With all of the consolidation in the banking industry, most banks are adopting an economies-of-scale mentality. Says James: "Banks have restrictions, too. Most only want to lend where they have a retail bank presence."

Retail presence or not, James and other small cable operators feel confident they can persuade banks and other lending sources to provide the capital needed to upgrade, rebuild and compete. "We're confident the business is out there for modems and digital services and capital costs keep coming down. With the QuickTake and HITS models, for a $20,000 headend, $22,000 for convertors and about $100 in installation costs, there's about a two-year payback, which is good at 18 percent penetration. People will buy the products," James insists.
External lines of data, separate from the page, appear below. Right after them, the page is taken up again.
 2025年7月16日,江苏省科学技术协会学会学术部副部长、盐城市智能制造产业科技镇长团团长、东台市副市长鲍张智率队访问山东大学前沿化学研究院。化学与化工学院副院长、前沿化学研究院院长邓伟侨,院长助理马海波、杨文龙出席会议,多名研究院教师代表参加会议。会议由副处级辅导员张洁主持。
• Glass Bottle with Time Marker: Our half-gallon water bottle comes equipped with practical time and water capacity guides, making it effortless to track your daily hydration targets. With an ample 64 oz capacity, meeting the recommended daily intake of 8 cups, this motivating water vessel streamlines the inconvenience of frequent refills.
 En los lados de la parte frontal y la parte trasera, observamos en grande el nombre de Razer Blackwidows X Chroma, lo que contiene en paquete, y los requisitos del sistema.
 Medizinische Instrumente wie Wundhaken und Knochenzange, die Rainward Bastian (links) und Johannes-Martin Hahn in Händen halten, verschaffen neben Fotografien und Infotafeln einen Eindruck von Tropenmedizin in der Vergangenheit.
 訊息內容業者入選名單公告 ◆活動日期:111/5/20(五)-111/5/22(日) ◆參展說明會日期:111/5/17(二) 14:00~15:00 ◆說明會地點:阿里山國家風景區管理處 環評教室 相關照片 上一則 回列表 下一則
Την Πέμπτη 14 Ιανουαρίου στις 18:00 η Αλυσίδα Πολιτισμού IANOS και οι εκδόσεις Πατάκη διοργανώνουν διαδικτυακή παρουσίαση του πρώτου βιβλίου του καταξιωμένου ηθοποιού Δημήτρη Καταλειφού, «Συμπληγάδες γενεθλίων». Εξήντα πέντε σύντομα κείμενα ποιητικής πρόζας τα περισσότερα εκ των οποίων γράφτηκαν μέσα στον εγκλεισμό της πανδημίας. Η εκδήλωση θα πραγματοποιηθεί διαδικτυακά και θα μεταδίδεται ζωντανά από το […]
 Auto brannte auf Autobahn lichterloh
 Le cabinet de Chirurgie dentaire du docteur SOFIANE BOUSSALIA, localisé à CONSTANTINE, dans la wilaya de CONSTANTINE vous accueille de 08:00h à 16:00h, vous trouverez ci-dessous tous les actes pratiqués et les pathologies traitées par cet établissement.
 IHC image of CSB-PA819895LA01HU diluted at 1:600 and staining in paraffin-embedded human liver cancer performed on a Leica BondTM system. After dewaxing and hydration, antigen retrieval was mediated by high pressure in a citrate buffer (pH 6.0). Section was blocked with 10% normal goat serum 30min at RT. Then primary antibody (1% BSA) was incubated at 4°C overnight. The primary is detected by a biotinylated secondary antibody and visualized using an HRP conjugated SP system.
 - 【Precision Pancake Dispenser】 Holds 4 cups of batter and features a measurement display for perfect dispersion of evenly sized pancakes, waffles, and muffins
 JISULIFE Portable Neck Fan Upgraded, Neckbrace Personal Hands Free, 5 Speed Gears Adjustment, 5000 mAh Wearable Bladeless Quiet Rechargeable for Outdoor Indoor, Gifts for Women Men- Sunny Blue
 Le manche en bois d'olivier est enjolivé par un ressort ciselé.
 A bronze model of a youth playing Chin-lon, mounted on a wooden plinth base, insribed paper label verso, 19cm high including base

That's the idea. But for many smaller operators faced with rising programming costs, growing competition and complex business decisions, the future remains overcast. For lenders such as Wells Fargo, however, the skies could be only partly cloudy. Concludes Smith: "There's no doom and gloom attitude. They're not set for huge growth potential, but they'll find a way to make it happen and stay in business. Many of the smaller operators are very passionate about their business."